Start of Block
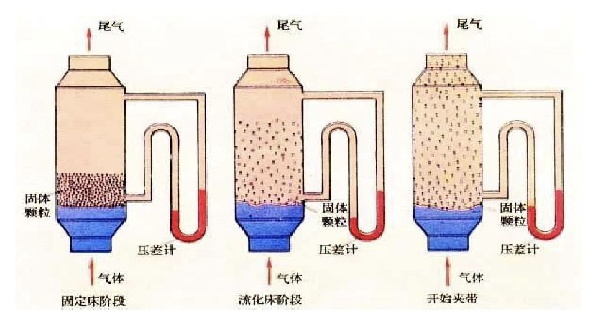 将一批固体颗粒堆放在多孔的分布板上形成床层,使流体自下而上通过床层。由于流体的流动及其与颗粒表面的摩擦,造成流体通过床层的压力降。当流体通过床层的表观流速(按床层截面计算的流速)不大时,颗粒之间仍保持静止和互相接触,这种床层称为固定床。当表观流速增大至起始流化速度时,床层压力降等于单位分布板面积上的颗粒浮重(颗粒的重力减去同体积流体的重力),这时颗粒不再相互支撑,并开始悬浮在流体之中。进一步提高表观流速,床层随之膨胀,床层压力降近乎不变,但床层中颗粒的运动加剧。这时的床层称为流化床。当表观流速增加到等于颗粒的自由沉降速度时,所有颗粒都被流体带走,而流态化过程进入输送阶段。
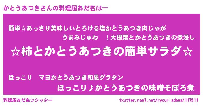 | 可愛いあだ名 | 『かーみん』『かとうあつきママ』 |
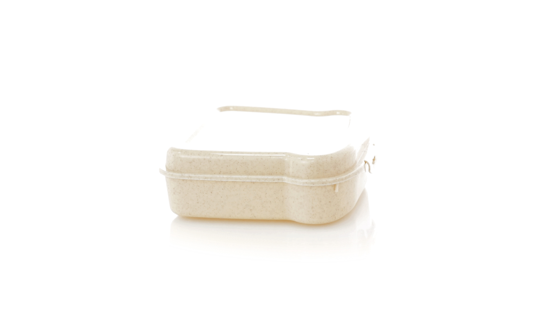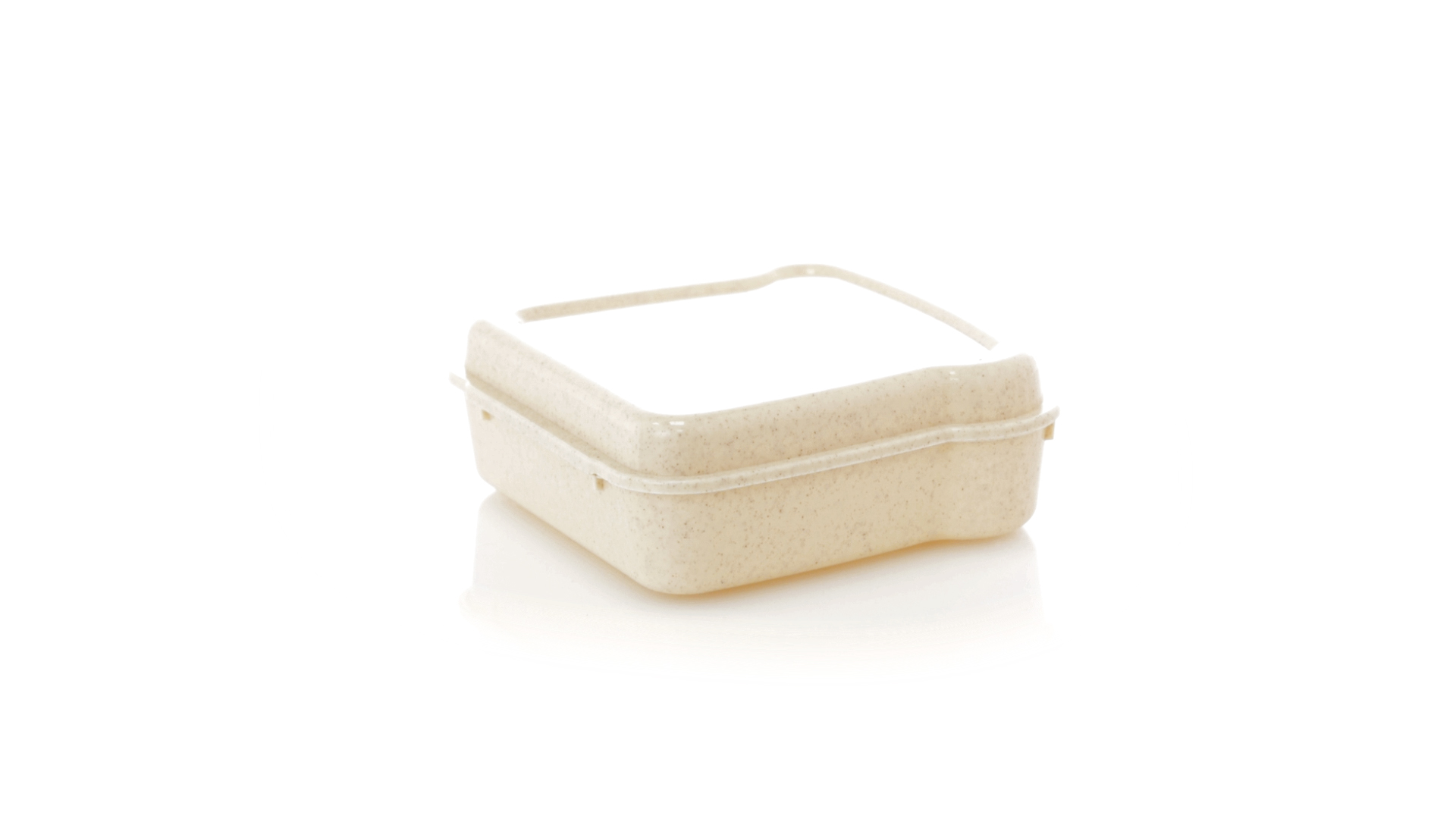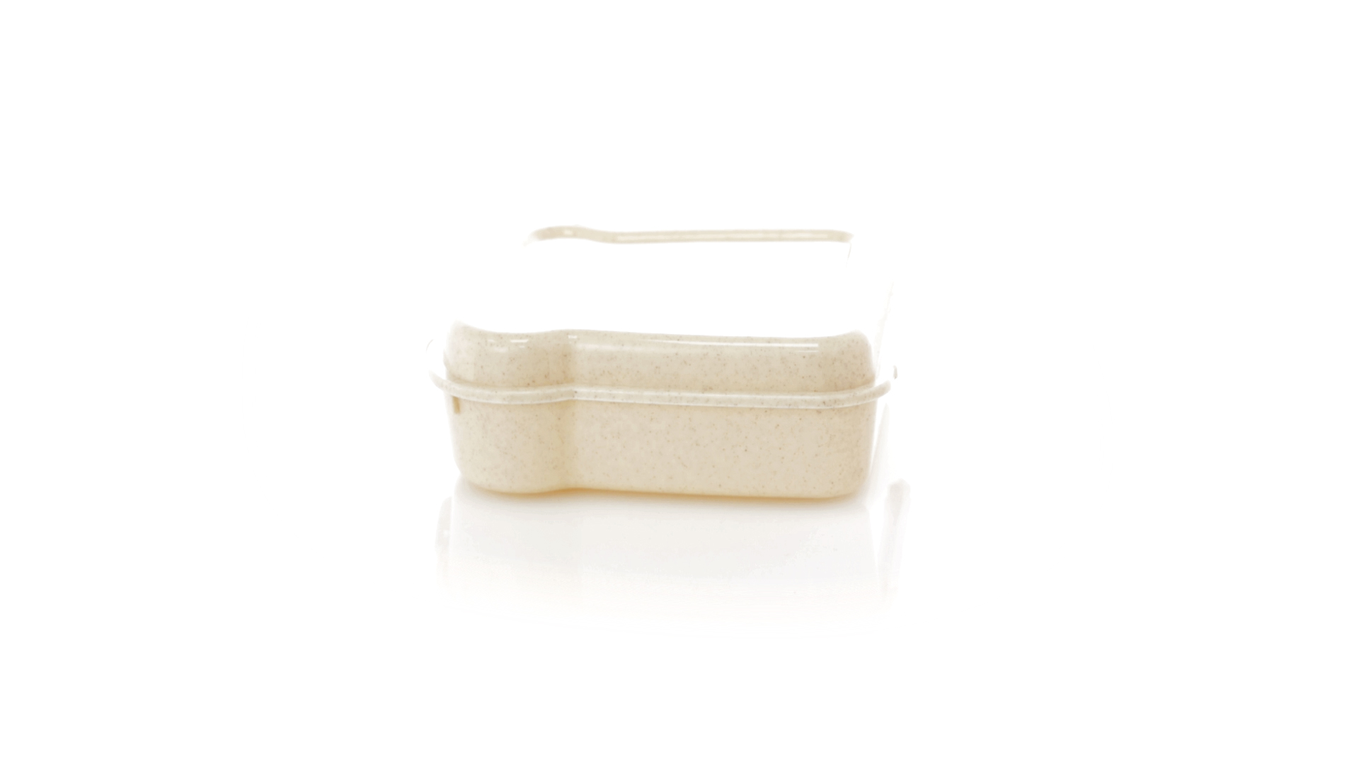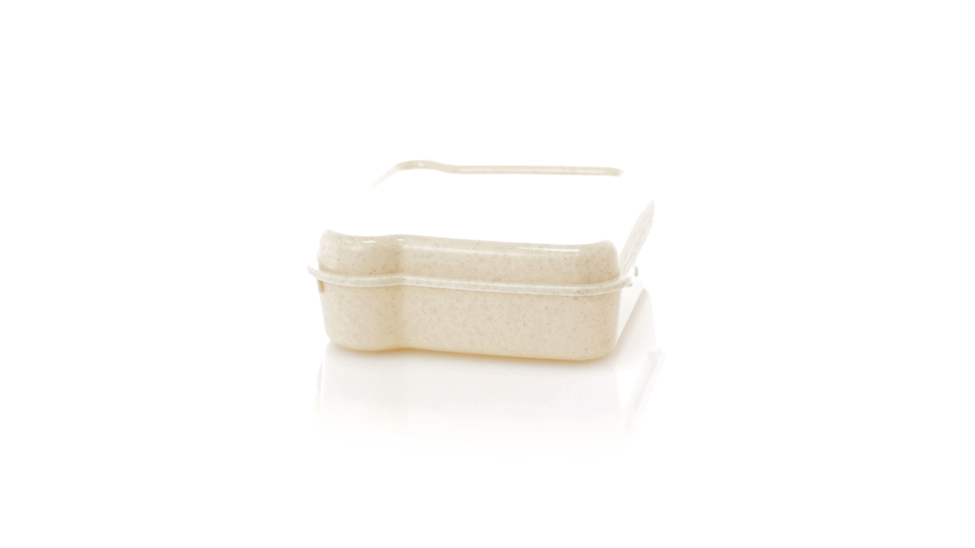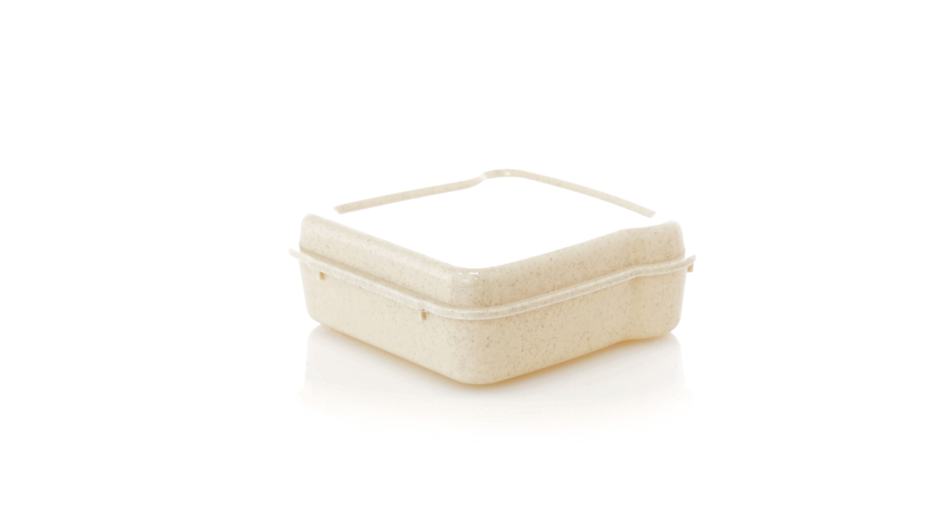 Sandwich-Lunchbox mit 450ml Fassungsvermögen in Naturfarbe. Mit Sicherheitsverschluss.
End of Block
Start of Block
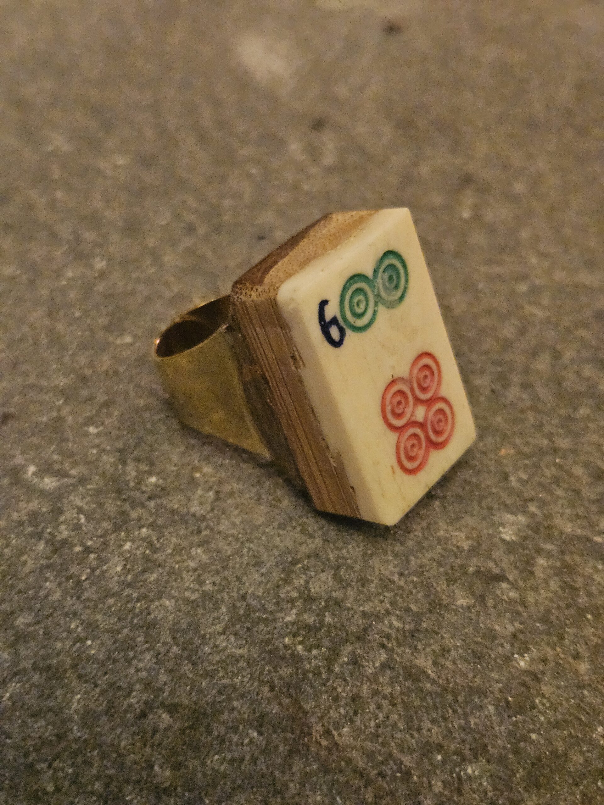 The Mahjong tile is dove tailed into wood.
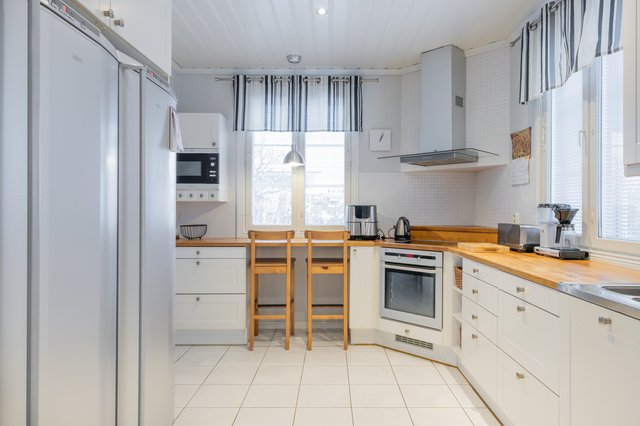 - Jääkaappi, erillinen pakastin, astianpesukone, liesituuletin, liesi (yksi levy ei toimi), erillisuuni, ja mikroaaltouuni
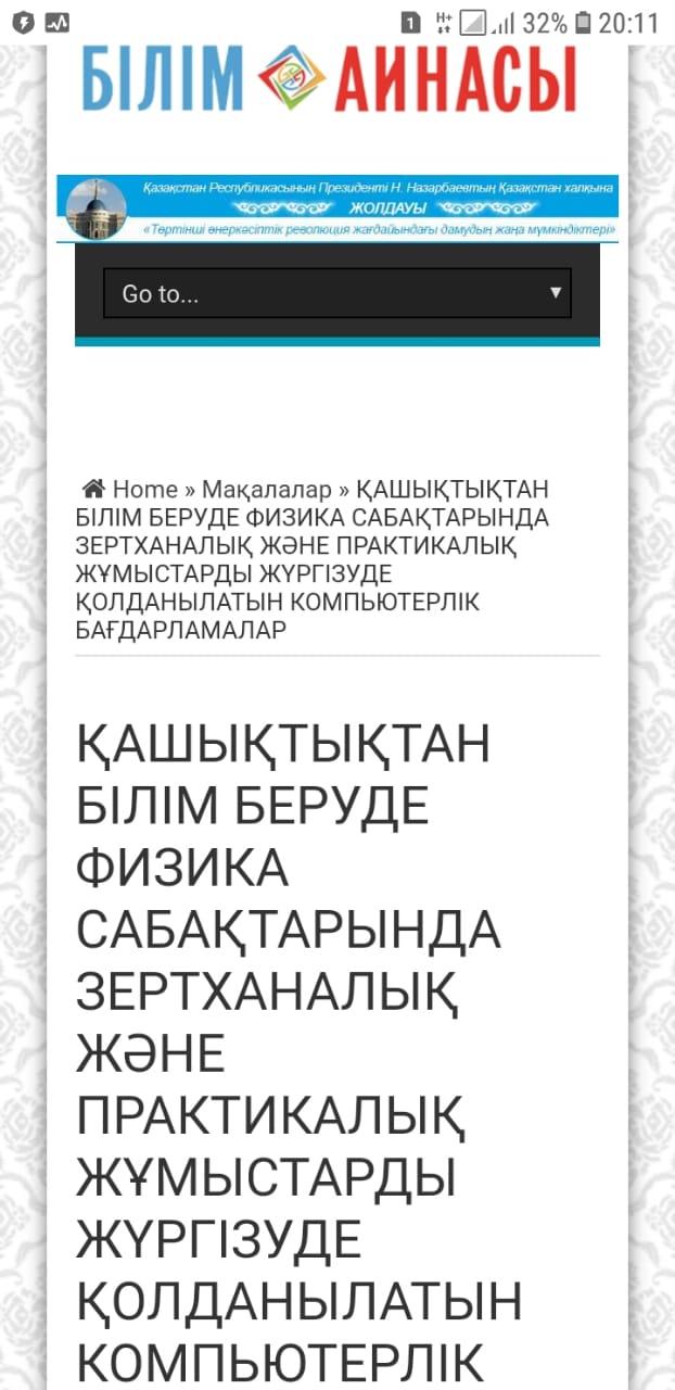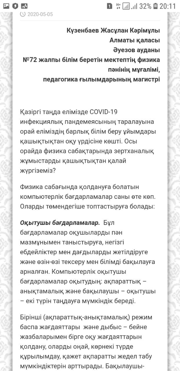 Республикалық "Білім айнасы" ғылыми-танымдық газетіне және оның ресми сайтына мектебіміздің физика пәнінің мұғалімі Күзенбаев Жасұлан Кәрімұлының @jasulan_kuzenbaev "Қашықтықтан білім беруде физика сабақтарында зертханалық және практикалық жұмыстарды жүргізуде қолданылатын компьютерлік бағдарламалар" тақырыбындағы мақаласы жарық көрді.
End of Block
Start of Block
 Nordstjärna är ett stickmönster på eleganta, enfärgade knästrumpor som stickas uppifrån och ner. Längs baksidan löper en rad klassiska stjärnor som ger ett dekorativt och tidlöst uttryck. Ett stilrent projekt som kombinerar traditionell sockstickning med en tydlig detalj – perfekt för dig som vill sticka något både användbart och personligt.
End of Block
Task details:
Reproduce the data above exactly, but only from the line containing "将一批固体颗粒堆放在多孔的分" through the line containing "Sandwich-Lunchbox mit 450ml". Omit all pictures.

Answer section:
 将一批固体颗粒堆放在多孔的分布板上形成床层,使流体自下而上通过床层。由于流体的流动及其与颗粒表面的摩擦,造成流体通过床层的压力降。当流体通过床层的表观流速(按床层截面计算的流速)不大时,颗粒之间仍保持静止和互相接触,这种床层称为固定床。当表观流速增大至起始流化速度时,床层压力降等于单位分布板面积上的颗粒浮重(颗粒的重力减去同体积流体的重力),这时颗粒不再相互支撑,并开始悬浮在流体之中。进一步提高表观流速,床层随之膨胀,床层压力降近乎不变,但床层中颗粒的运动加剧。这时的床层称为流化床。当表观流速增加到等于颗粒的自由沉降速度时,所有颗粒都被流体带走,而流态化过程进入输送阶段。
 | 可愛いあだ名 | 『かーみん』『かとうあつきママ』 |
 Sandwich-Lunchbox mit 450ml Fassungsvermögen in Naturfarbe. Mit Sicherheitsverschluss.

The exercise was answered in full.